Густав, шатаясь, раскинув руки, приблизился к плачущему младенцу и поцеловал его в пупок, потом подошел к мужчинам и разлил им остаток шнапса в стаканы.
— Не знаете вы Станислауса, он еще стекло будет жрать!
4
Станислаус каждый день съедает по тринадцать вшей и одурачивает смерть.
Наступала осень. По утрам клубы тумана стлались по лугам. В лесу капало с ветвей. Маслята надели скользкие шляпки. В полдень проглядывало солнце и прикидывалось весенним.
Станислаусу исполнилось шесть лет. Синие шишки на его голове зеленели и проходили. Маленькие ранки на руках и на ногах затягивались и заживали. Мир маленького Станислауса был ограничен садом за домом. Он рвал там красные бобы, считая, что это цветы для мамы. Лена лупила его. Ей некогда было учить ребенка. Она работала на стекольном заводе, таскала там уже готовые изделия от стекловаренной печи к печи отжига. Бегала взад и вперед с железными вилами. Она работала подносчицей.
Густав для семьи существовал только в письмах. Ему пришлось сменить стеклодувную трубку на ружье, он стал солдатом. Он должен был убивать русских. Правда, до сих пор он ни одного не видал, сообщал он в письмах. Он должен был уничтожать французов. Правда, до сих пор еще ни один из них не попался ему на глаза, писал он. Не начал ли маленький Станислаус жрать стекло, а то грядут худые времена, писал он также.
Станислаус не жрал стекло. Он ел хлеб, как все другие, чересчур много хлеба. Он ел картошку, как другие, чересчур много картошки. Он ел повидло из свеклы, и его от этого несло, как и других, ел кашу из крапивы и плакал оттого, что должен ее есть, как и другие. Единственное, что досталось ему одному, была желтуха.
Жена крестьянина Шульте принесла своему крестнику яичко.
— Раздели ему на два раза, да смотри сама не слопай, — сказала она восемнадцатилетней хозяйке дома Эльзбет.
Эльзбет в ответ сделала маленький книксен. Шульте утерла каплю с носа.
— Могли бы сами яйца иметь. Плохо кормите кур.
— Нечем кормить. — Эльзбет укрыла одеялом Станислауса, который ни за что не хотел лежать.
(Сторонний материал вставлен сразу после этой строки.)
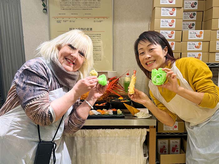 It was my first time making Japanese food samples with a friend.

— Совсем высох мальчишка, — заявила Шульте бранчливо. Она схватила крестника за волосы. — Желтый, как луковица! Ты корми его вшами!
— Вшами?
— Разрежешь сливу, посадишь туда вошь. Тринадцать слив, тринадцать вшей в день. Что ж ему, подыхать?
Эльзбет искала вшей. В школе бывали вши. Но теперь, после конфирмации, она уже не ходила в школу. Где же ей было взять вшей? Она ходила в имение графа Арнима на поденную работу и спрашивала женщин:
— У вас дома есть вши?
— Тебе что, спину мотыгой почесать, что ли?
— Можете ударить меня мотыгой, но мне нужны вши для нашего Станислауса. А то он желтый, как осенний лист.
И опять выход нашла Шульте. Она не даст загнуться своему крестнику.
— Приходи завтра. Я дам тебе вшей.
Батрак, с которым путалась Шульте, был на войне. И на хуторе у нее работал военнопленный. Шульте послала мужа в город. «И чтоб без сахара не возвращался!» Она положила в ящик под сиденьем повозки творог и яйца для обмена, твердо зная, что муж до вечера проканителится в поисках сахара. Он боялся ее и почитал.